Closed simongray closed 8 years ago

simongray commented 8 years ago

(subsumes issue #21)

Rather than focusing simply on sentiment and entities, I want to get into more detail on the opinions. The base of this new system is an annotator called SemanticAnnotator that can find subjects and objects in a sentence. The objects can be both concepts (verb or verb+object) or simply noun phrases.

The goal is to use these semantic annotations to extract more exact opinions. By default, the assumed opinion holder is "the I" (the writer) of the comment, but s/he might also be expressing something about "you" (e.g. the other user or a general you, meaning "one") or about a third party (some entity). Focusing on sentence subjects provides a great deal more entities to compare than simply using tagged named entities would.

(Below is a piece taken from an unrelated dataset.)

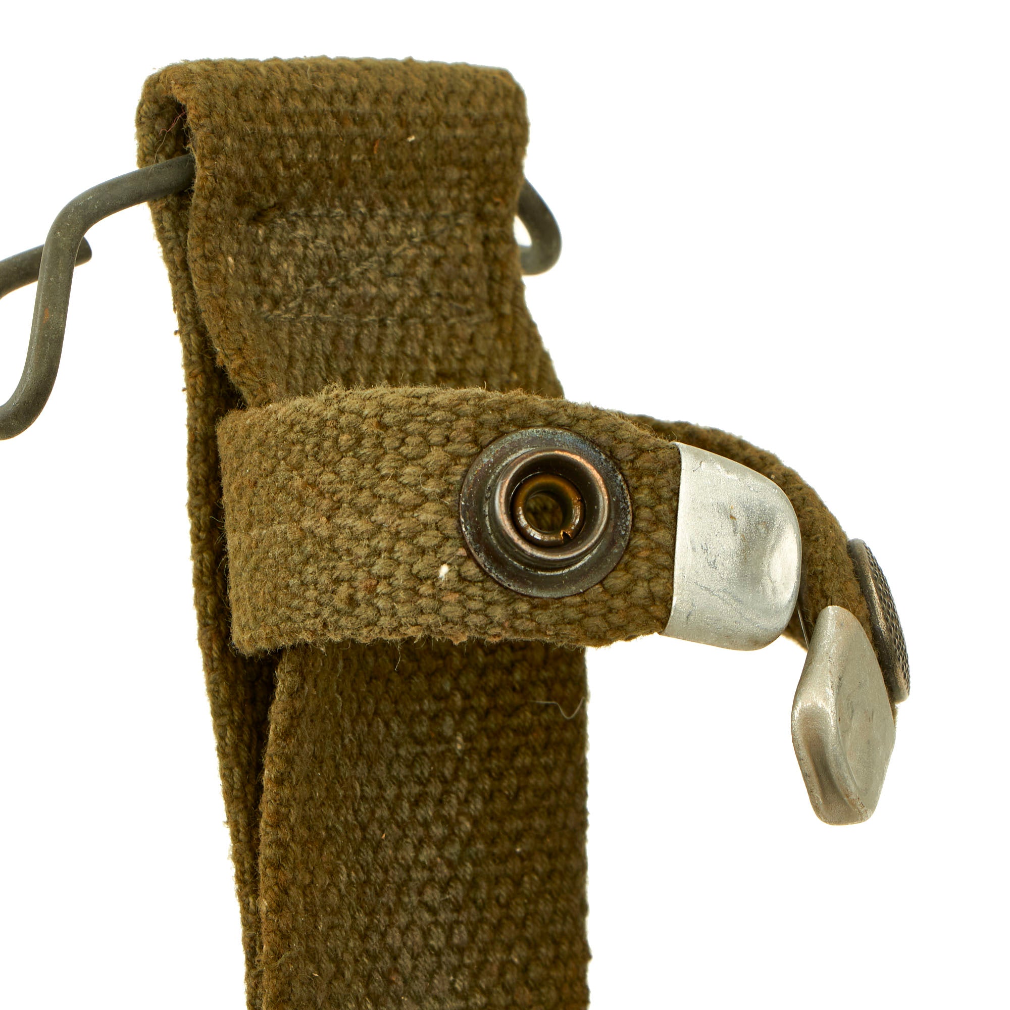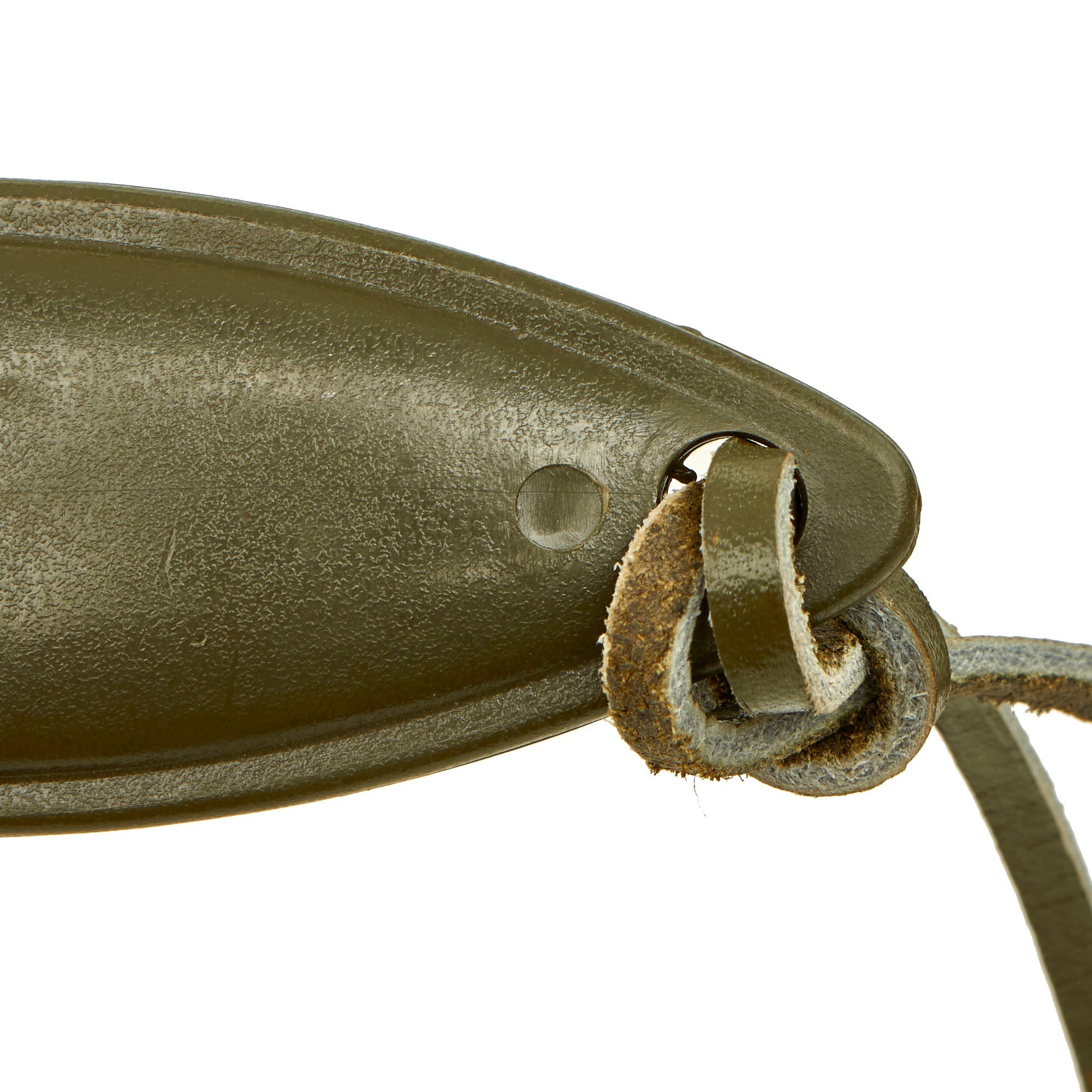 condition. This design features a hard plastic body, metal throat, and canvas frog and securing strap with a steel pistol belt hook. This was manufactured in Germany and even has lovely German pebbled buttons on the securing strap. The condition is pretty much unissued, with just light storage wear.

These opinions can then in turn also contain a sentiment which can be attached using the chosen sentiment analysis system (Stanford's or perhaps SentiStrength).

Opinion matching

Direct opinion matching

However, the sentiment becomes less relevant if the relationships can be matched, e.g. when comparing opinions if both Person X and Person Y "play football" then sentiment is not even needed. The same goes for statements like "Sanders is going to win" etc. - if both people have expressed the same statement at some point, that is.

Matching on sentiment

Sentiment would be necessary in case of comparing opinions on third parties, e.g if Person X thinks that "Clinton sucks donkeyballs" it might be hard to find an identical statement by Person Y. However, if both have an overall negative opinion about Clinton, then this can be used.

Fuzzy opinion matching

Another and more precise way is to perform opinion matching is by using fuzzy opinion matching. Let's say both users have expressed an opinion relating to Bernie Sanders' chances of winning the US presidency in 2016. Person X has expressed "I think [Bernie Sanders] will definitely [win] the [election]" while Person Y has expressed that "[Sanders] looks like he could [win] [this]". A fuzzy opinion matching algorithm would look at the semantics of the sentences and conclude that

= we have a fuzzy match!

The same could occur if instead of "this" Person Y had written "the [presidency]". In that case, a database of word vectors or some other concept similarity measure could be used for the fuzzy matching and the word vector distance (or whatever quantitative measure is used) could provide a heuristic for the fuzzy matching.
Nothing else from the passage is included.